Chunky Soup Curse signs secret pact with Madden Curse?

John - 8/31/2006, 2:31 PM - Curse News is currently seeking confirmation of the most dangerous alliance since the Molotov-Ribbentrop Pact made Josef Stalin and Adolf Hitler totally like BFF. Sources close to Electronic Arts are speculating that Campbell's Chunky Soup, the most dangerous liquid to human beings beside dihydrogen monoxide, has sought what is being termed a "strategic alliance" with the Madden Curse.
The Madden Curse recently attached itself to Shaun Alexander, runningback for the Seattle Seahawks, winners of the NFL's 2005 NFC minor league championship. The Chunky Soup Curse is currently eyeballing the destruction of Seahawks quarterback Matt Hasselbeck.

While a recent Zogby poll (+/- 3% MOE) showed that 88% of all American heads of household were aware of the dreaded Chunky Soup Curse, a mere 16% were aware of the Madden Curse.

The last alignment of the Chunky Curse and Madden Curse occured when Donovan McNabb risked his life by endorsing both products. McNabb and his career are still on life support. Doctors have yet to be able to remove the Chunky Soup from McNabb's system.

Scholars are speculating what the consquence of this alignment will mean.

Professor Juan Cole, of the University of Michigan, points out that Chunky did not kill McNabb. "However, McNabb had a degree from a real college. No betting what happens to a guy from a school like Alabama where they farm football players."

The CERN institute speculates that the two curses will rotate around a common center of gravity.
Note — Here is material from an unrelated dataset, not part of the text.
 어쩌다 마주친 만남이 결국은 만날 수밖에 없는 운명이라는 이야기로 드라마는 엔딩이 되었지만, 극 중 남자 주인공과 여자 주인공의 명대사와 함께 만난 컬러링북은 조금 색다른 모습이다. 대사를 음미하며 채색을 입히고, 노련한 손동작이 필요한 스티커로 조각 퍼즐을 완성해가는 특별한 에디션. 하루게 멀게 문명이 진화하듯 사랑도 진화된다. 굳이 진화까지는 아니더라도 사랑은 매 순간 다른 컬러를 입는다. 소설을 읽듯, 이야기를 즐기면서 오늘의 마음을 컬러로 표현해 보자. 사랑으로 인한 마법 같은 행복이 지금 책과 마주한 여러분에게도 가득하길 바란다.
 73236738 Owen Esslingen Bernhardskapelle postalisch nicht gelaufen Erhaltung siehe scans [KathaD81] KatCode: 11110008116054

This bodes poorly for Seahawks fullback Mack Strong, the coolest name in professional sports. Strong has been lobbying coaches to abandon an I-formation and use a split-back formation so he won't be crushed by the collective force of the two curses.

During a speaking engagement at a public high school in King County, WA, while exhorting children that the phrase "mack strong" was not advice for improved sexual prowess, Strong appealed to all Sehawks fans to lobby coach Mike Holmgren, who looks like a cat.
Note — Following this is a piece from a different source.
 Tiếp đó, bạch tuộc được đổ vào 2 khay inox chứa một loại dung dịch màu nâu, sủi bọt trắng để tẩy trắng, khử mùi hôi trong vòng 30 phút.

"Please, Lord, don't let me get covered in Chunky Soup and repetetive video game announcer banter," cried Strong.

Strong reportedly received a phone call from Kurt Warner, informing him that God cannot save him from Chunky Soup. However, God offered to spare him some of the worst of Madden's cliches, such as "Whatever babbling play is a 'give up' play... Maybe they should try something else, or sacrifice the quarterback's first-born son or something."

The Seahawks have reportedly decided to keep their players in training camp for the entire season, under a suicide watch.

Max Strong will play the entire season without shoe strings for his football cleats.